As a sample of the comprehensive 73-page EMIS report, the summary by Local Government Education shows that of the 44 local government areas of Kano state, the first in alphabetical order, Ajingi, has 80 schools, 12,940 male enrolment and 7,733 female enrolment, making 20,673 total enrolment against 14,183 of previous year (2003/2004). The tabular data also shows that the schools in Ajingi LGEA had 47 qualified teachers, 421 unqualified teachers, 95 non-teaching staff and so on.

 

A beauty of the EMIS strategy is that a single table which accommodates this bits of information highlighted above and more not mentioned here, as well as the equivalent bit of information on the remaining 43 Local Government Areas is drawn on only two pages, a summary that, if written in sentences and paragraphs, would take several pages and would be boring to read.

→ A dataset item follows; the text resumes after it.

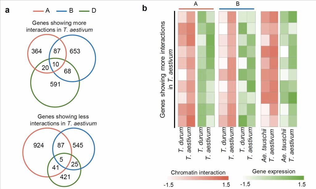 该研究进一步鉴定了在不同倍性小麦中存在开放染色质互作差异的基因,这些基因在不同亚基因组中参与不同的生物学过程,例如在AB亚基因组的基因主要富集非生物胁迫和信号传递相关基因,而在D亚基因组的基因主要富集胚胎发育和翻译相关基因。尽管大部分多倍化产生的染色质互作差异只发生在单个基因拷贝上,但该研究仍然发现了15组A、B、D同源基因在小麦多倍化中同时发生了染色质互作变异,而且一半以上的基因的表达变化和染色质互作变化正相关(图3)。

In other words, the details captured in the 73-page EMIS designed report would most likely take 73 x 5 or more pages of essay type summary presentation and will be far more difficult to grasp than the EMIS model.

 

More significant, perhaps, is the pains that must have gone into gathering the copious data presented in the 2005 summary report, a mine of information, as you may call the report.

 

Developers of the Kano EMIS intends that “very soon, all decisions concerning schools, pupils, and general education activities are going to be based on EMIS reports”, a process they believe “will go far in improving primary education in Kano State”. Thus, putting Kano on the same pedestal with Lagos in terms of educational development, as observed by the Adelaja-led team that were specifically sent to understudy the Kano EMIS project, for a probable duplication by their own version of SUBEB.

 

Indabawa, a public affairs analyst, wrote in from Kano.